The Rise of Princeton Wrestling

Image via Princeton Wrestling


It wasn't that long ago that you'd consider a top-5 ranking of the Princeton Tigers wrestling squad unrealistic. Today; that's a reality. The Tigers check in at #5 in the newest division one tournament rankings from both Flowrestling and Intermat. But how did they get here? First, let's take a look at the Tiger's rapid climb over the last ten seasons.....

Tiger's EIWA finishes over the last 10 years:

2010: 12th, 24 team points

2011: 11th, 42.5 team points

2012: 11th, 44 team points

2013: 12th, 24.5 team points

2014: 12th, 50.5 team points

2015: 7th, 70 team points

2016: 5th, 71.5 team points

2017: 3rd, 113 team points

2018: 3rd, 93 team points

2019: 3rd, 125 team points

Tiger's NCAA qualifiers over the last 10 years:

2010: 1

2011: 1

2012: 3

2013: 0

2014: 1

2015: 5

2016: 4

2017: 7

2018: 4

2019: 6

Tiger's NCAA finishes over the last 10 years:

2010: 61st, 1 team point

2011: DNP, 0 team points

2012: 45th, 6 team points

2013: DNP, 0 team points

2014: 64th, 0.5 team points

2015: 31st, 9.5 team points

2016: 29th, 12.5 team points

2017: 25th, 15.5 team points

2018: 26th, 17 team points

2019: 15th, 35 team points

*statistics per NCAA, EIWA and Princeton Wrestling


As you can see it's been a rapid improvement for the Tigers, especially in their last four seasons. But how has this been possible? Head coach Chis Ayres seems to be the difference-maker. Coach Ayres is currently in his 14th season at the helm of the program and the transformation under his tutelage is undeniable.

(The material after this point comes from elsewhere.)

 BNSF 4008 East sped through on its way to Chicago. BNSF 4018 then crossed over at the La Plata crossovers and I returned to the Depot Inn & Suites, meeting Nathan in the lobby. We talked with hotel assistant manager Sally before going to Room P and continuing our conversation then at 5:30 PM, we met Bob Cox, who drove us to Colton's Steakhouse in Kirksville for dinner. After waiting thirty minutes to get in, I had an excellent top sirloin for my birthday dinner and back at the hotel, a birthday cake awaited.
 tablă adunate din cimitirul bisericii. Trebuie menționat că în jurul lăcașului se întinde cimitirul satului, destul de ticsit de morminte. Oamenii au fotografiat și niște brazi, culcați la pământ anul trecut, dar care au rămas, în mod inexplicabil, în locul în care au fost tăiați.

The most easily noticed change that has been made by Coach Ayres is to recruiting at Princeton. Coach Ayres recruitment of both wrestlers and coaching staff over the past 14 seasons has been nothing short of amazing. Associate head coach Sean Gray, a Virginia Tech wrestling stud, was the first of many top-level coaches to be acquired and has given the program the credentials necessary to recruit top athletes. Additional coaching add-ons such as IU standouts Joe Dubuque and Nate Jackson have added even more star power to the coaching roster.


The newfound success of the NJRTC, coached by Reece Humphrey, also seems to coincide with the Tiger's rise. Having resident athletes like Pat Downey, CJ Brucki, Tyler Graff, Bryce Meredith and Nate Jackson signals to top-level recruits that this is a place where you can succeed not only collegiately but on the world stage as well. RTC practices are also a great way to interact with top level high school wrestlers and get them involved with the program early on.

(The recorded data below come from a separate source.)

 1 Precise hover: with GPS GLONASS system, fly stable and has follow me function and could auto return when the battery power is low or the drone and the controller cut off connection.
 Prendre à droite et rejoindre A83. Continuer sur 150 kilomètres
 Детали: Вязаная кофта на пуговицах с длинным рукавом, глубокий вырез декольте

These changes have allowed Ayres to reel in 7 nationally-ranked recruiting classes in the last 10 years. With top-level recruits such as Quincy Monday, Brett Harner, Matt Kolodzik, Pat Glory and Pat Brucki at his disposal, Ayres and the tigers have climbed to national prominence.


All of these changes culminated with Princeton taking the B1G-Ivy rivalry against Rutgers 18-15 this past weekend. Although the Tigers came into the bout the clear favorites, the result snapped a 23 match losing streak to the Scarlet Knights that dated back to 1990. This win allowed Princeton to finish the regular season on a 7-match winning streak that will hopefully translate into confidence at the upcoming EIWA Championship. Unfortunately, during the dual #3 ranked Pat Brucki sustained an injury in a 10-9 loss to Jordan Pagano of Rutgers. One of the looming questions we still have is how serious is the injury Pat Brucki sustained during the Rutgers dual and will he be ready for the NCAA Championship in March?


Regardless of Brucki's status the Tigers will try to win their first EIWA title since 1978 this year and seek to follow that performance up with a top-5 finish at the NCAA tournament.